Copy every entry verbatim and skip the pictures.
____
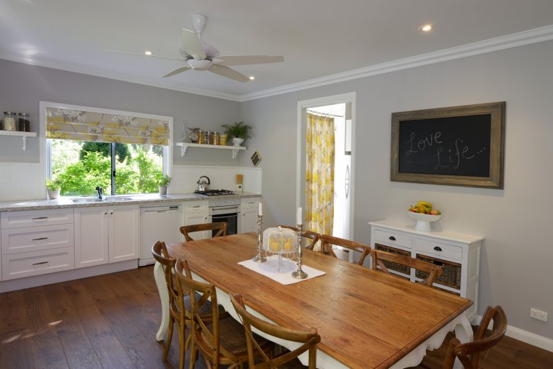 The verandahs were tailored to the aspect of the home, with further selections being made to personalise the interior such as specified appliances, natural oak timber flooring, kitchen joinery using Polytec and stone tops by Silestone were combined for a genuine country feel. Comfortable open plan living, and wide breezy verandahs of the home are a compliment to Manor’s philosophy ‘Built for Living’.
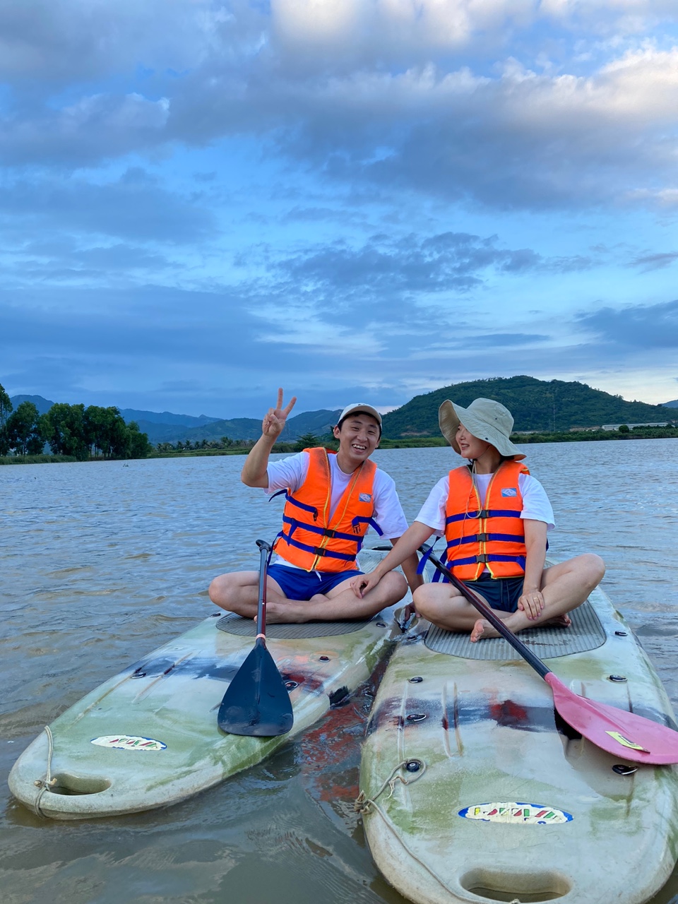 나트랑여행 까이강 패들보드 체험은 대만족 이었어요. 거의 모든 일정이 관광 위주 였기 때문에 여기저기 바쁘게 돌아다니기도 했고 정신없이 매일을 보냈었는데 잔잔한 강에서 패들보드 타면서 하늘도 보고 쉬었다 가기고 하고 노을지는 모습도 바라보니 여행 마무리로 딱 좋았어요.
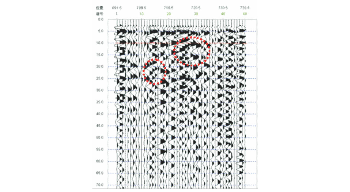 圖中地震波分辨率高,可直觀看出巖溶發(fā)育的確切范圍,也可直接拾取到巖溶發(fā)育的頂板弧狀頂點(diǎn)反射波時(shí)間(+717~+722鉆探溶洞處,頂板反射波時(shí)間約3.5ms左右,按現(xiàn)場(chǎng)測(cè)試平均速度2500m/s計(jì)算頂板深度約為8.7m,可準(zhǔn)確計(jì)算頂板發(fā)育深度,與鉆探結(jié)果基本相吻合。
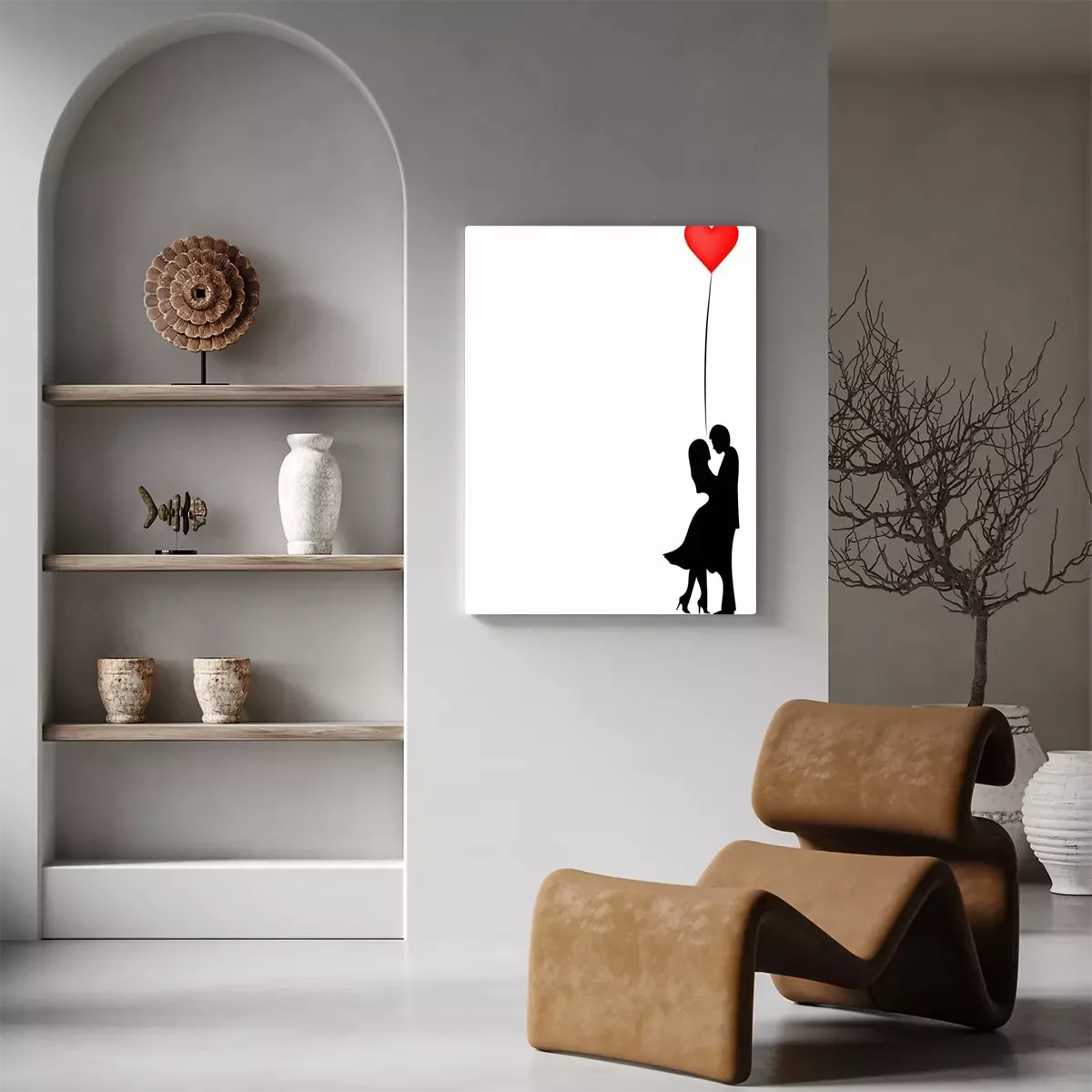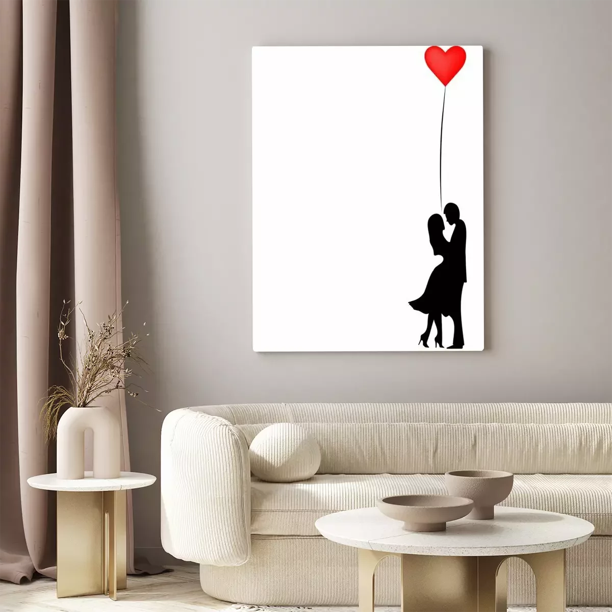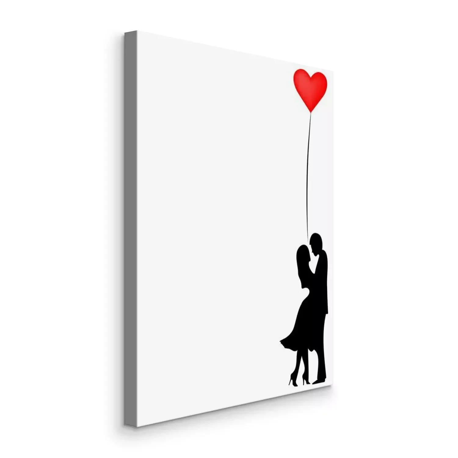 Silhouetten eines verliebten Paares mit einem roten Herzen
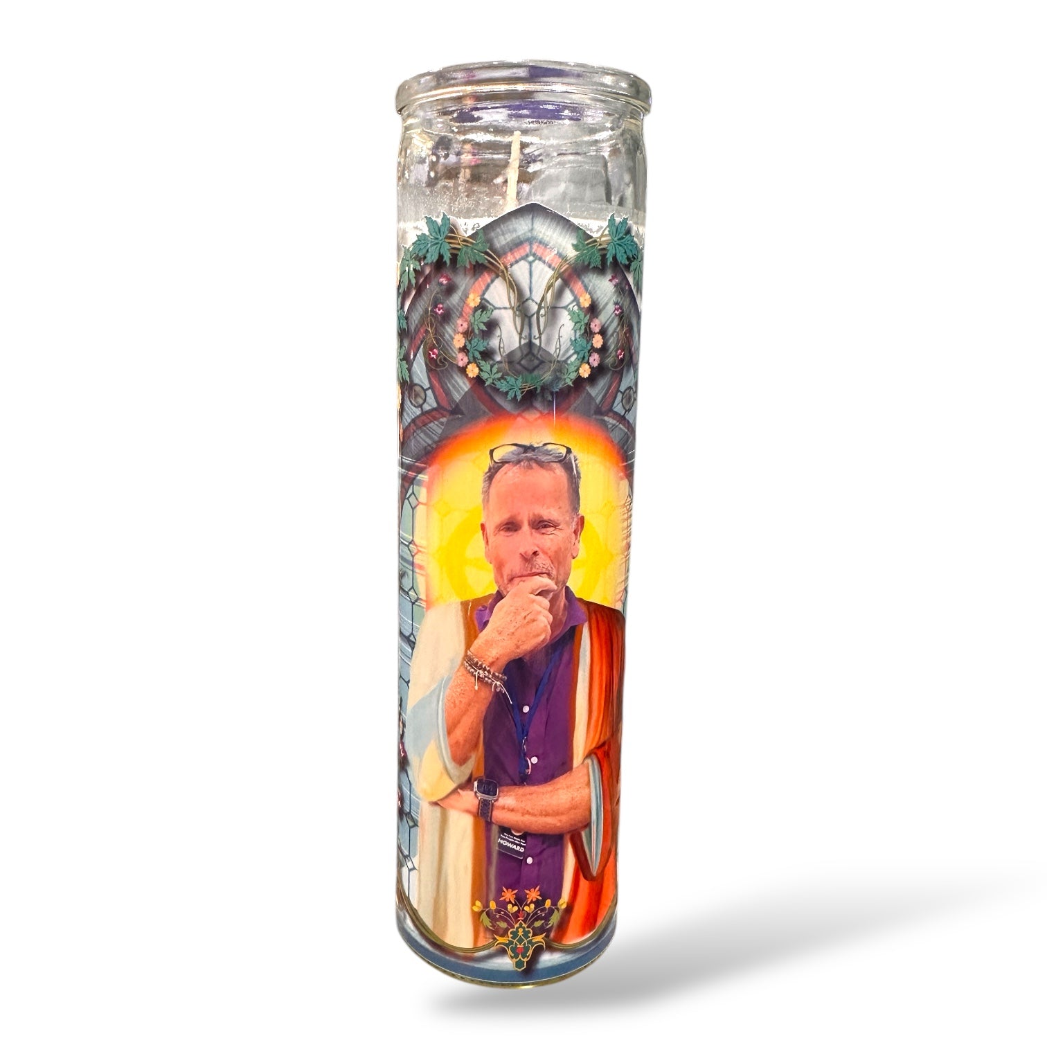 - This standard size prayer candle is unscented and in a glass vessel with the image of you know who, seemingly trying to pass himself off as a saint.
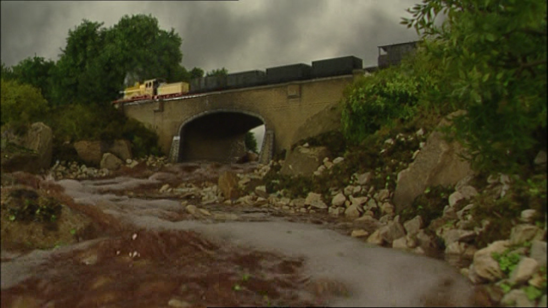 Some workmen were once working on the bridge when they were warned of Toad and his runaway trucks. They diverted the runaway train onto an old siding beside the bridge, where the tracks had sunk into a muddy pond.
____
■ **ANSWER BELOW**:
 The verandahs were tailored to the aspect of the home, with further selections being made to personalise the interior such as specified appliances, natural oak timber flooring, kitchen joinery using Polytec and stone tops by Silestone were combined for a genuine country feel. Comfortable open plan living, and wide breezy verandahs of the home are a compliment to Manor’s philosophy ‘Built for Living’.
 나트랑여행 까이강 패들보드 체험은 대만족 이었어요. 거의 모든 일정이 관광 위주 였기 때문에 여기저기 바쁘게 돌아다니기도 했고 정신없이 매일을 보냈었는데 잔잔한 강에서 패들보드 타면서 하늘도 보고 쉬었다 가기고 하고 노을지는 모습도 바라보니 여행 마무리로 딱 좋았어요.
 圖中地震波分辨率高,可直觀看出巖溶發(fā)育的確切范圍,也可直接拾取到巖溶發(fā)育的頂板弧狀頂點(diǎn)反射波時(shí)間(+717~+722鉆探溶洞處,頂板反射波時(shí)間約3.5ms左右,按現(xiàn)場(chǎng)測(cè)試平均速度2500m/s計(jì)算頂板深度約為8.7m,可準(zhǔn)確計(jì)算頂板發(fā)育深度,與鉆探結(jié)果基本相吻合。
 Silhouetten eines verliebten Paares mit einem roten Herzen
 - This standard size prayer candle is unscented and in a glass vessel with the image of you know who, seemingly trying to pass himself off as a saint.
 Some workmen were once working on the bridge when they were warned of Toad and his runaway trucks. They diverted the runaway train onto an old siding beside the bridge, where the tracks had sunk into a muddy pond.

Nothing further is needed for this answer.